## [Prompt]
From the material below, set down exactly the lines that run from the one containing "いろいろな資料をさわったり、身に着けたり、動かしたりしました。" to the one containing "为了减轻我院同学的学业、人际", minus the pictures.

## [Records provided]
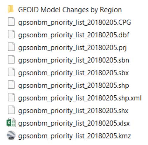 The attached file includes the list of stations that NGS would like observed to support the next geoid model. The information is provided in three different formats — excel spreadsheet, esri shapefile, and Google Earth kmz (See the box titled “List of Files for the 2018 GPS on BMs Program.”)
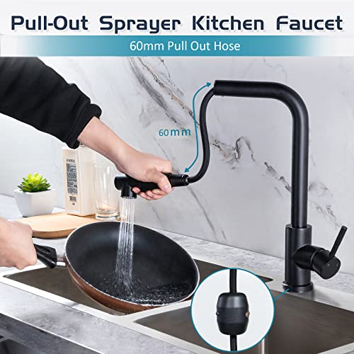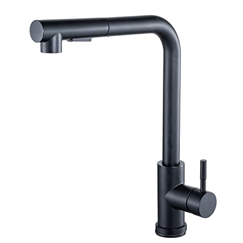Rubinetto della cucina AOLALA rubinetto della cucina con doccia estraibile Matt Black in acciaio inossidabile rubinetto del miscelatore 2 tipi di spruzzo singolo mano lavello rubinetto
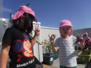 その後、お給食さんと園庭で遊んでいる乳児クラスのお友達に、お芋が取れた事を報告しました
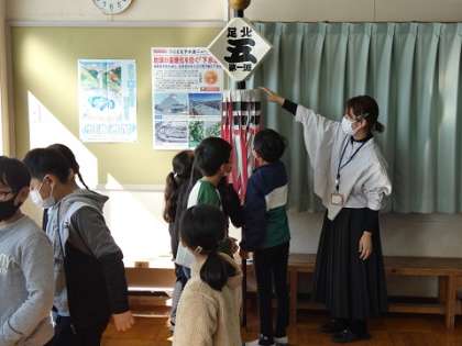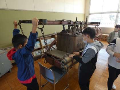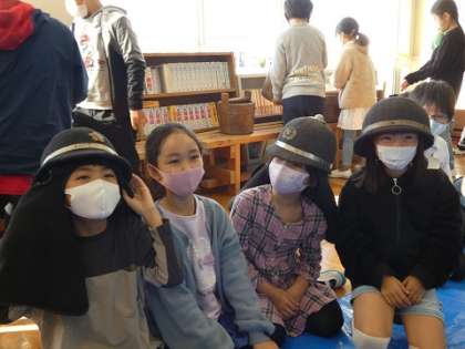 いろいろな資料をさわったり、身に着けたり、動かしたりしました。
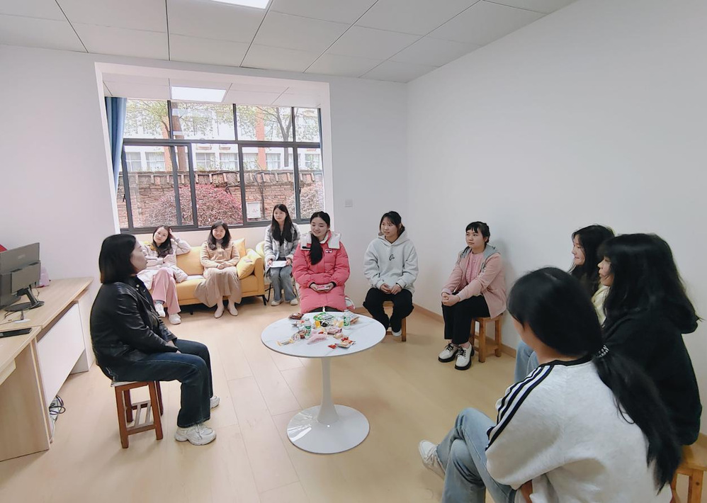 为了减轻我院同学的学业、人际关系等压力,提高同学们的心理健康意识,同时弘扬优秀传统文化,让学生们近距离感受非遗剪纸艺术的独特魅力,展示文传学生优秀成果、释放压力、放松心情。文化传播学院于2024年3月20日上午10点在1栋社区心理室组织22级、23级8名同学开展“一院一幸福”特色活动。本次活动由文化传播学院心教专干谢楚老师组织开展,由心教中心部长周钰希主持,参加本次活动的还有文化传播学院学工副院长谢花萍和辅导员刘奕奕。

...

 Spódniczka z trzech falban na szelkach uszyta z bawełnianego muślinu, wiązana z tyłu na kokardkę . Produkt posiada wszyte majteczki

...

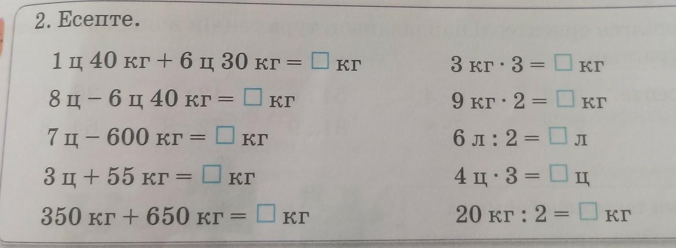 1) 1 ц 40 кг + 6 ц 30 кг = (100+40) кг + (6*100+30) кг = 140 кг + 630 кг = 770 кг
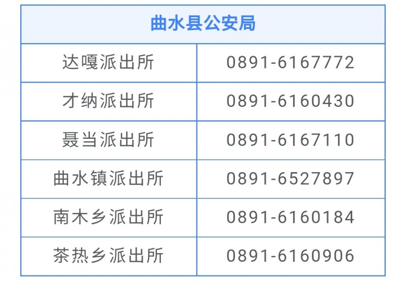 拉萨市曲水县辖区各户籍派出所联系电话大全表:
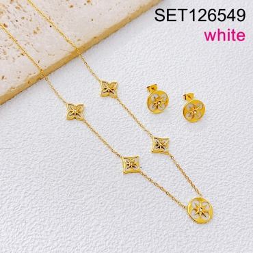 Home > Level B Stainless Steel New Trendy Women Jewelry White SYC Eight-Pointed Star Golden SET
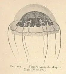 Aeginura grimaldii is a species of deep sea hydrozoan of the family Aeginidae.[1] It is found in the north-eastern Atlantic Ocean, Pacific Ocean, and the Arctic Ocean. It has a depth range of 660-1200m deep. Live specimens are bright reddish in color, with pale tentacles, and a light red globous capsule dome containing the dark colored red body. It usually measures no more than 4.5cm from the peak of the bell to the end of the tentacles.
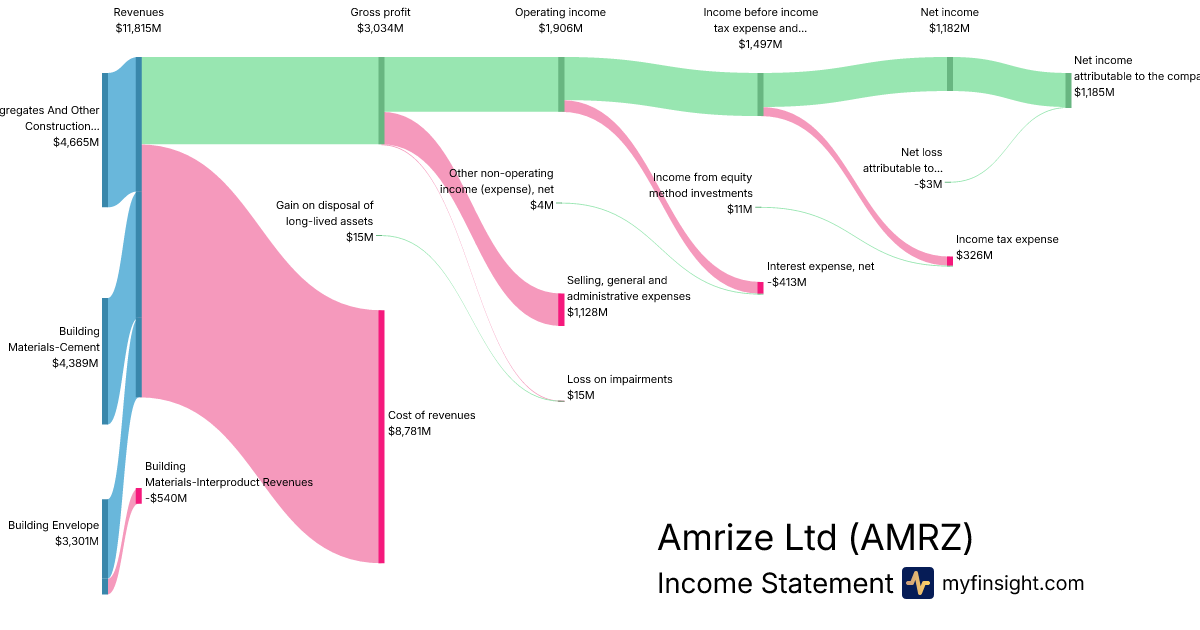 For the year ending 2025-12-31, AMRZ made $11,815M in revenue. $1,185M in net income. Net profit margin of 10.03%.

## [Answer for this exercise]
 いろいろな資料をさわったり、身に着けたり、動かしたりしました。
 为了减轻我院同学的学业、人际关系等压力,提高同学们的心理健康意识,同时弘扬优秀传统文化,让学生们近距离感受非遗剪纸艺术的独特魅力,展示文传学生优秀成果、释放压力、放松心情。文化传播学院于2024年3月20日上午10点在1栋社区心理室组织22级、23级8名同学开展“一院一幸福”特色活动。本次活动由文化传播学院心教专干谢楚老师组织开展,由心教中心部长周钰希主持,参加本次活动的还有文化传播学院学工副院长谢花萍和辅导员刘奕奕。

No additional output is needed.